Commissioned facilities at South Ghawar have 300 MMscfd of raw gas processing capacity and 38,000 b/d of condensate processing capacity. In response to growing demand for gas, the company will increase overall processing capacity to deliver 750 MMscfd of raw gas in the near future.
Saudi Arabia’s Unconventional Resources Program, launched in 2013, aims to boost gas production to meet domestic needs, displace crude oil in power generation, supply feedstock for petrochemicals, and stimulate regional economies (OGJ Online, May 29, 2018)

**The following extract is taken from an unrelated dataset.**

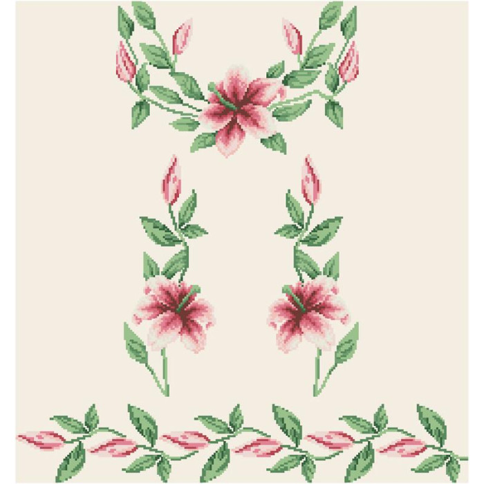 Заготовка для вишивки жіночої сукні Лілеї призначена для часткової зашивки бісером або нитками. Схема надрукована на домотканому полотні бежевого кольору екологічно чистими стійкими фарбами, що не змиваються після прання. Відрізи розкроєні з урахуванням необхідних запасів для зручного вишивання та подальшого пошиття виробу.

Ghawar is Aramco’s second unconventional gas stream after production commenced at North Arabia field in 2018 with the delivery of 240 MMscfd to customers in Wa’ad Al-Shamal. Work is simultaneously progressing at Jafurah unconventional gas field, which is the largest liquid-rich shale gas play in the Middle East.
Wellesley to drill Toppand East prospect in first-half 2024
Wellesley Petroleum expects to drill the Toppand East prospect offshore Norway in production license (PL) 248 C in first-half 2024.
The license partners signed a rig assignment agreement for the COSL Promoter rig earlier this month, Wellesley said in a release Nov. 9.
Wellesley will operate drilling of the prospect on behalf of license partners, it said. Equinor is operator of the license with 30% interest. Wellesley holds 30% and Petoro holds the remaining 40%.
Toppand East is “an attractive ILX target that has the potential to add significant volumes to Toppand and to the Ringvei Vest area development,” said Chris Elliott, chief executive officer of Wellesley, noting Equinor’s help to secure the rig slot, aiding in acceleration of exploration drilling activity in the area.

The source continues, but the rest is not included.